Multi-Turn Conversations: Building B2B Product AI That Remembers Context

Single-turn Q&A is the easy part. Learn how to architect stateful, multi-turn conversations for product AI — handling follow-ups, pronoun resolution, cart-building, and ambiguity across a complete buying session.

Axoverna Team
15 min read

Most product AI demos look the same: a single question, a single crisp answer. "What is the load capacity of the HD-500 shelf bracket?""The HD-500 supports up to 200 kg per bracket." Clean. Impressive. Done.

But real buyers don't work that way.

They start broad: "What shelf brackets do you have for heavy loads?" Then narrow: "Which of those come in stainless?" Then get specific: "How many do I need for a 2-meter shelf?" Then ask a follow-up: "And can I get those with same-week delivery?" And if the AI doesn't remember that the "those" refers to the M12-grade stainless bracket they landed on two turns ago — the conversation falls apart.

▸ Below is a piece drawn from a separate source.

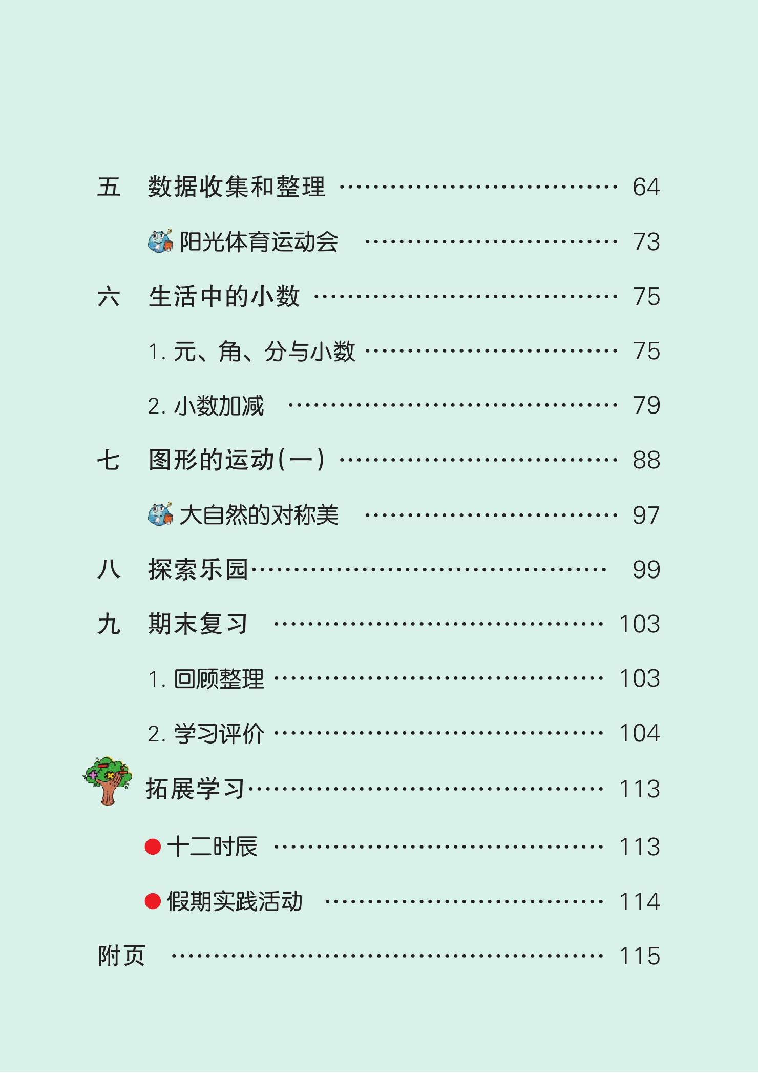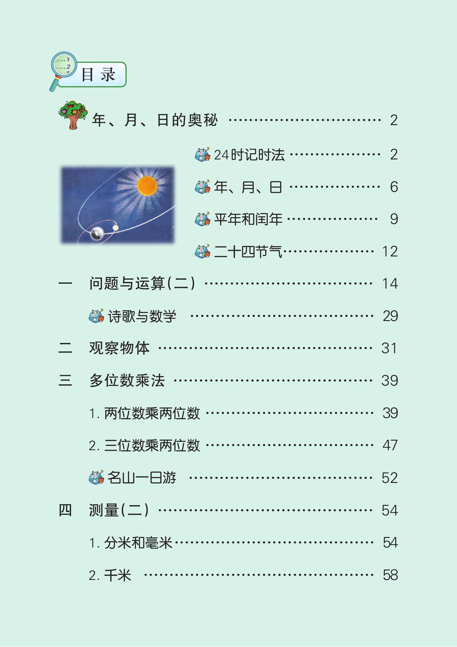 一:2024版最新冀教版小学数学三年级下册电子课本教材目录:
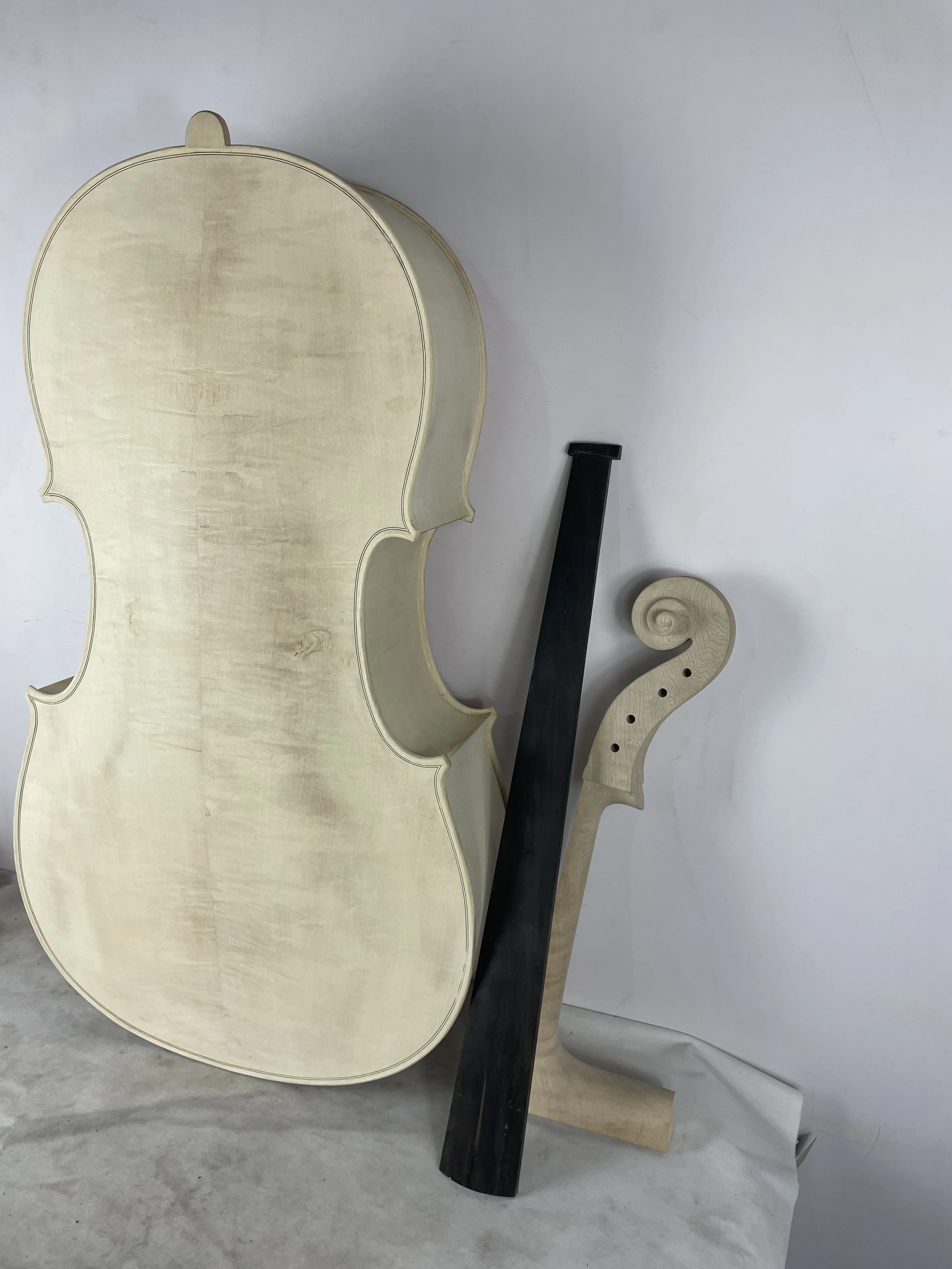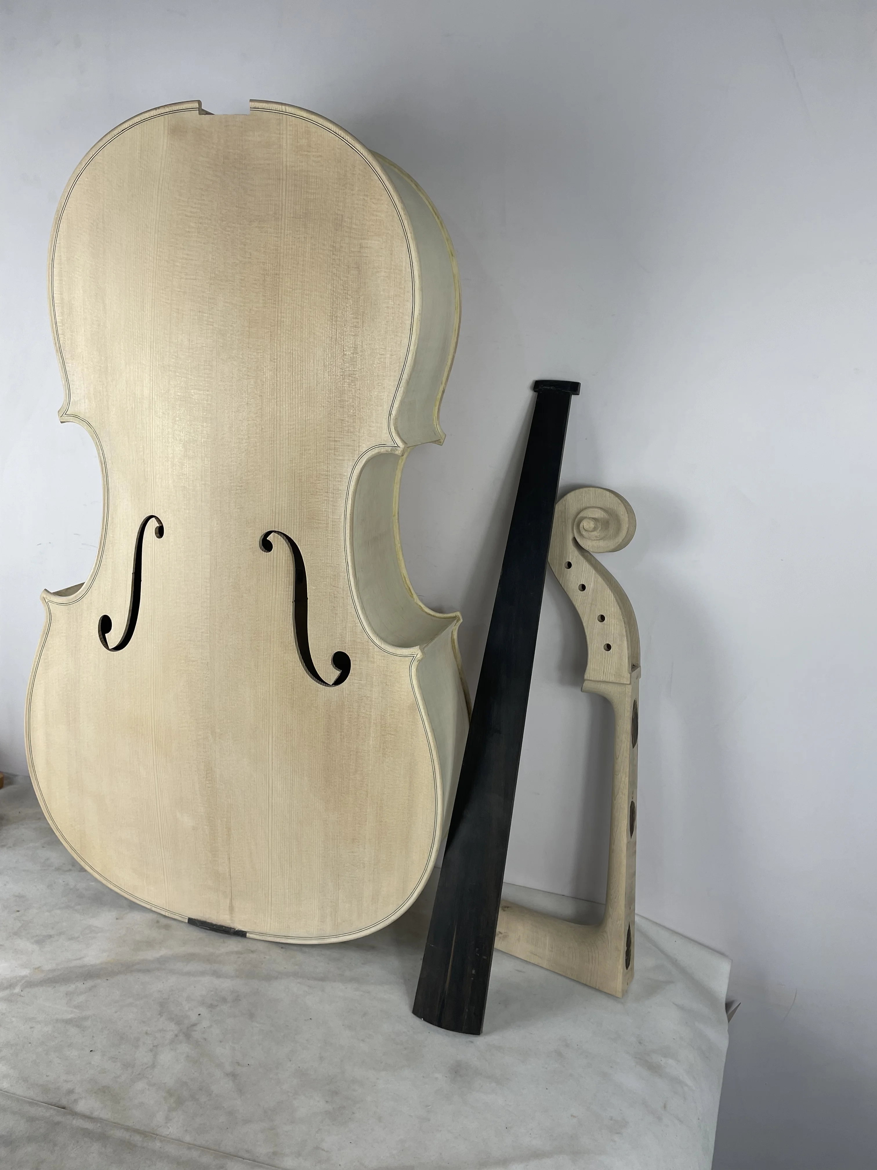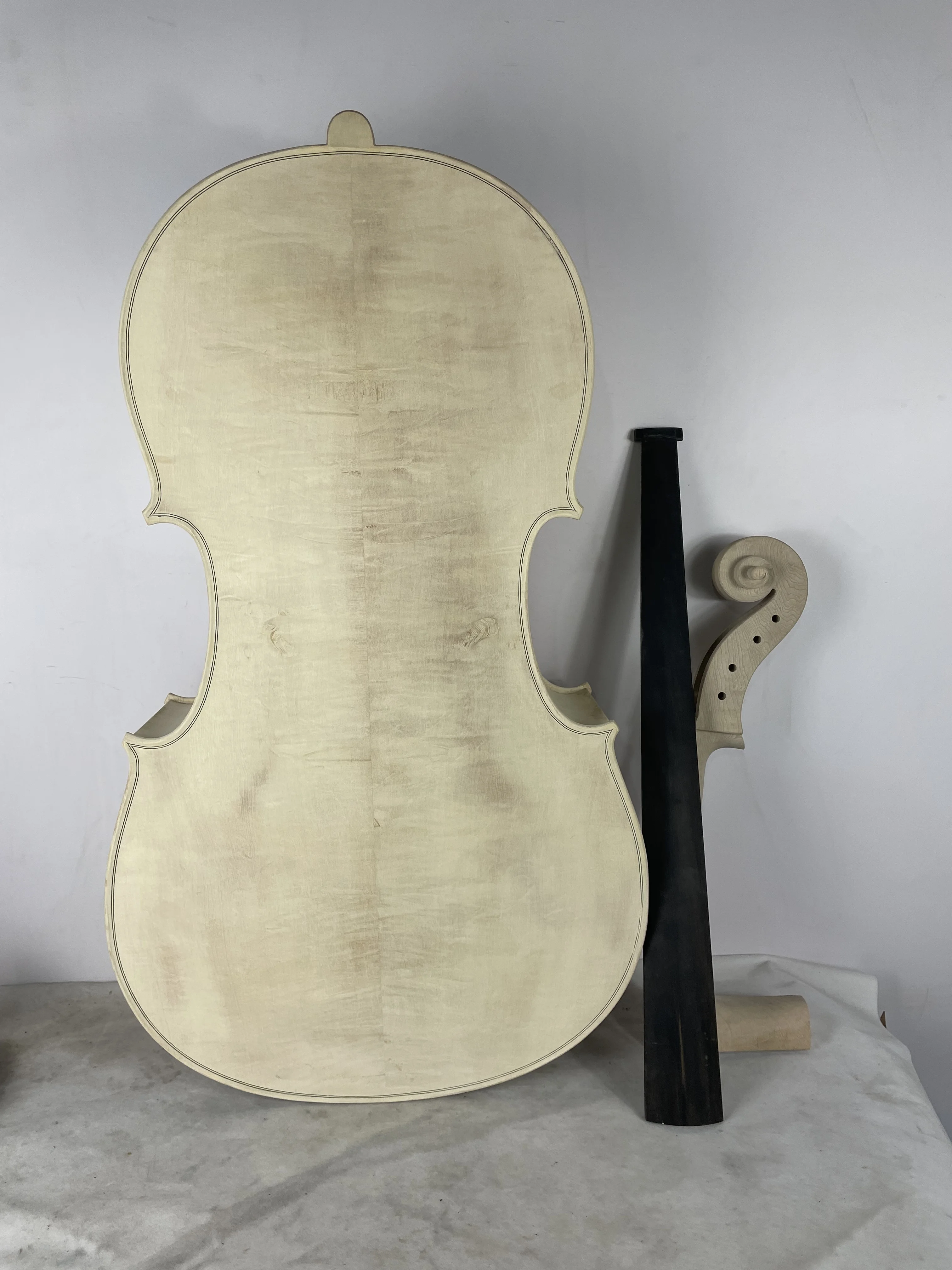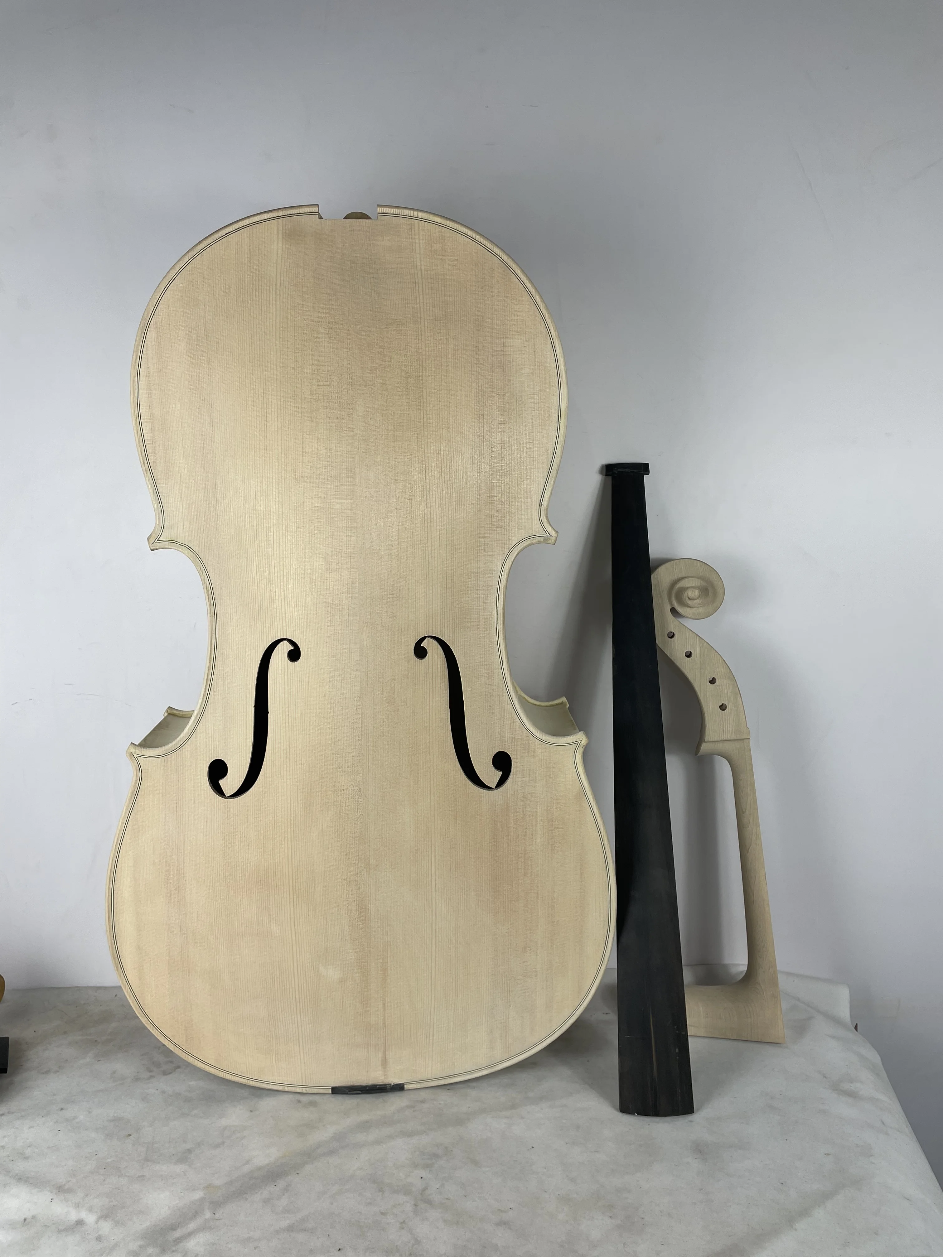 MMOOKA Unfinished Handmade Spruce Panel,Maple Back,Cello 1/4 -4/4,White Violoncello Embroidery,Professional Acoustic Musical Instrument

Multi-turn conversation handling is the gap between a product AI that demos well and one that actually closes sales. This article covers how to architect it properly.


Why Multi-Turn Is Hard (It's Not Just Context Windows)

The naive solution — dump the entire conversation history into the LLM context — breaks down faster than you'd expect, and for reasons beyond token limits.

The Retrieval Problem

In a single-turn RAG system, retrieval is simple: embed the user's query, find the nearest chunks, stuff them into the prompt. In a multi-turn system, the retrieval query is no longer obvious.

When a buyer types "What about the stainless version?", there is no standalone question here. To retrieve relevant chunks, you need to understand that "stainless version" refers to the shelf bracket from two turns back. The retrieval query should probably be "stainless steel shelf bracket HD-500 specifications" — but the raw message gives you none of that.

This is the coreference resolution problem, and it affects both retrieval and response quality.

Conversation State Drift

Over a long session, the buyer's intent may shift. They start looking at shelf brackets, discover they also need mounting hardware, then pivot to a different product category entirely. If your system treats the entire history as equally relevant, old context pollutes new retrieval. If it ignores history, it loses continuity.

You need selective state management — not just "remember everything" but "remember the right things at the right time."

Compounding Errors

In single-turn RAG, a retrieval miss produces one bad answer. In multi-turn, a retrieval miss in turn 3 can corrupt the context that's referenced in turns 4, 5, and 6. Errors compound.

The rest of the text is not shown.